Introduction

Little was known about the Andean mountain cat until recently thanks to the efforts of Jim Sanderson Ph.D. who is a specialist on small wild cats and who has carried out a considerable amount of work researching the Andean mountain cat. He was instrumental in setting up the Andean Cat Conservation and Monitoring Center with his Chilean colleagues.

Jim Sanderson's work and the work of other conservationists appears to have lead to a reassessment of the range (distribution) of the Andean mountain cat into areas where the cat was thought not to exist.

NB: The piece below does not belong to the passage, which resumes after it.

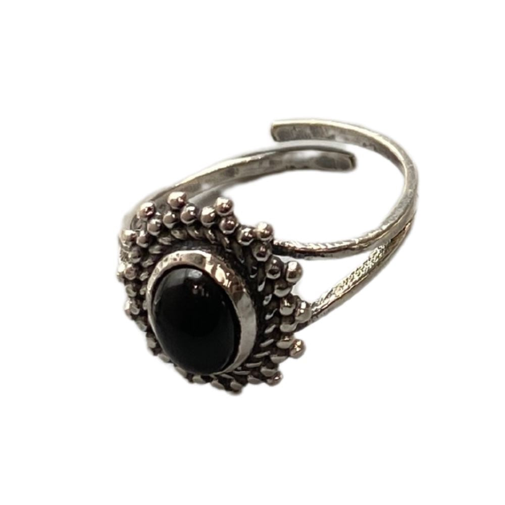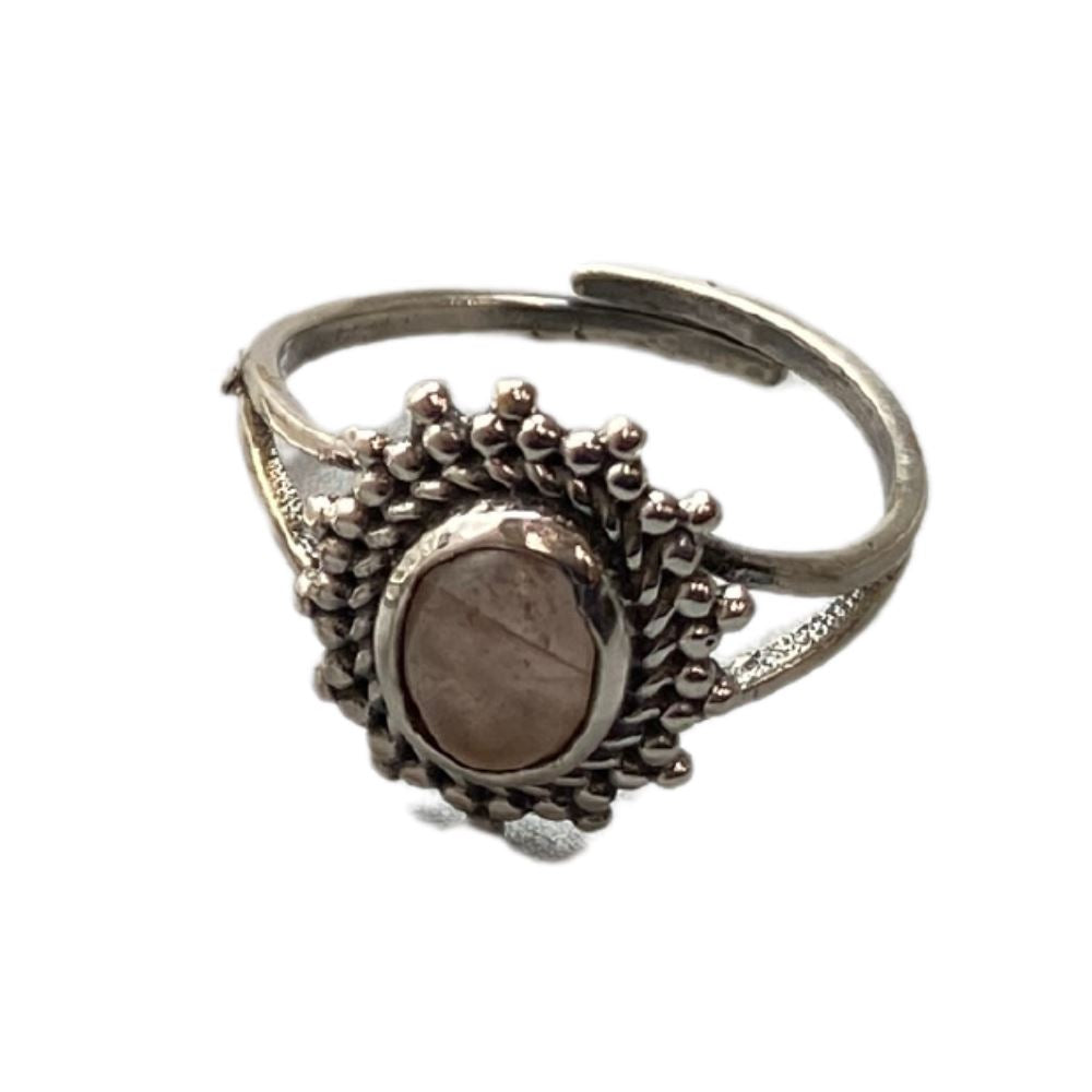 Silver-Plated Adjustable Ring with 0.5cm natural gemstone. Ethically handcrafted with selectable designs and stones. Ideal for jewellery retailers and wellness shops seeking elegant, intentional pieces.
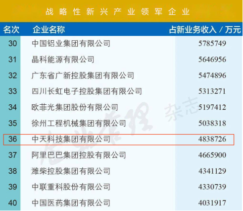 ICC訊 近期,中國企業(yè)聯(lián)合會、中國企業(yè)家協(xié)會發(fā)布《2020中國戰(zhàn)略性新興產(chǎn)業(yè)領軍企業(yè)100強》榜單,中天科技憑借出色的戰(zhàn)新產(chǎn)業(yè)創(chuàng)新成績,榮登第36位。

There is a also the Alianza Gato Andino AGA. This is a group of conservationists whose mission it is to protect the cat and create a harmonious relationship between cat and local people. It is vital to ensure the cooperation of local people in conservation projects to effect a change in attitude towards this species.

The Andean cat is similar in appearance to the grey domestic tabby cat but distinctly more wild looking. The tail is long and bushy, which is typical of wild cats that use their tail for balance. It is considered to be relatively tame and does not run from people. This is probably due to the fact that it has not been in contact with people enough to fear them. This has endangered the cat's survival because local people have killed the cat with rocks.

As the name suggests, the Andean mountain cat lives in the high Andes. Its habitat is treeless and barren.

The cat lives at elevations above sea level in the order of 4,000 feet. The climate is naturally cold.